Xlife is a clever implementation of John Conway's 'life' cellular automata, originally written for Unix workstations back in the mid 1980s by Jon Bennett. It was one of the first implementations to try something other than a naive approach, which results in it being able to handle huge patterns on relatively modest computers, such as Bill Gosper's famous breeder pattern, which grows without limit.
For those unfamiliar with Xlife, press 'l' to load a file (a good example is "breeder") then press 'g' to start generating. For a list of all commands, press '?'.

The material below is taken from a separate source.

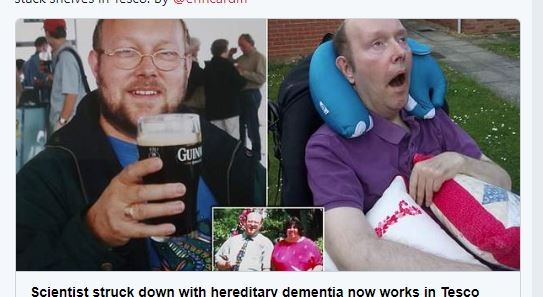 安德魯的太太薩拉(Sarah)說,「揮別原本的研究工作,先生仍決定自食其力持續貢獻社會,所以轉向到Tesco賣場擔任貨品上架員。」只可惜,在賣場工作一年後,安德魯的病情嚴重惡化,他再次離開工作,如今已經無法說話、進食以及走路。

This is a straight port of XLife 3.5 to Microsoft Windows. No attempt has been made to modify the program to be more like a Windows application; the object of the exercise was to get XLife to compile under Windows without modifying the source code in any way. This has been achieved using a simple X11 emulation library (X11Lib) to implement enough of the X11 standard (plus a few Unix functions) to get XLife to run.
Xlife 3.5 was written by Achim Flammenkamp, based on Paul Callahan's Xlife 3.0, which was in turn derived from Jon Bennett's Xlife 2.0. Xlife 3.5 is greatly superior to the more widely available Xlife 5.0, which is based on a different set of sources, and contains many bugs.

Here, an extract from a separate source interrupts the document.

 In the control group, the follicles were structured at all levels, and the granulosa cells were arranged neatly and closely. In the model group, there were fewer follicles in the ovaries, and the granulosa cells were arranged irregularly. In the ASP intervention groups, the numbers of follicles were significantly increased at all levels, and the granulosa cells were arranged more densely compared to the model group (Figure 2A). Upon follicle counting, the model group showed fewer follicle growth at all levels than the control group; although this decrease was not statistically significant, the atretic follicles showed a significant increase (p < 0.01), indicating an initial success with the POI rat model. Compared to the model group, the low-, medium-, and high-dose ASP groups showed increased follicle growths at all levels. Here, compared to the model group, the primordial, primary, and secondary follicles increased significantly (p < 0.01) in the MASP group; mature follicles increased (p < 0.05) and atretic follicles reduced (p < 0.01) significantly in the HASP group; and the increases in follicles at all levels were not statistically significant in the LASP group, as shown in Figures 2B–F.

Download and install Visual Studio 2019 Community edition from https://visualstudio.microsoft.com/. In the installer, under "Workloads", make sure that "Desktop development with C++" is selected.
Install git. I use the version of git that is part of Cygwin, a Linux-like environment for Windows, but Git for Windows can be used from a Windows command prompt.
Open the environment that you are using git from (e.g. Cygwin), and switch to the root directory that the build environment will be created under. Clone this repository with git:
git clone https://github.com/DavidKinder/Xlife.git
Start Visual Studio, open the solution "Xlife35/source/Xlife35.sln", then build and run the "Xlife35" project.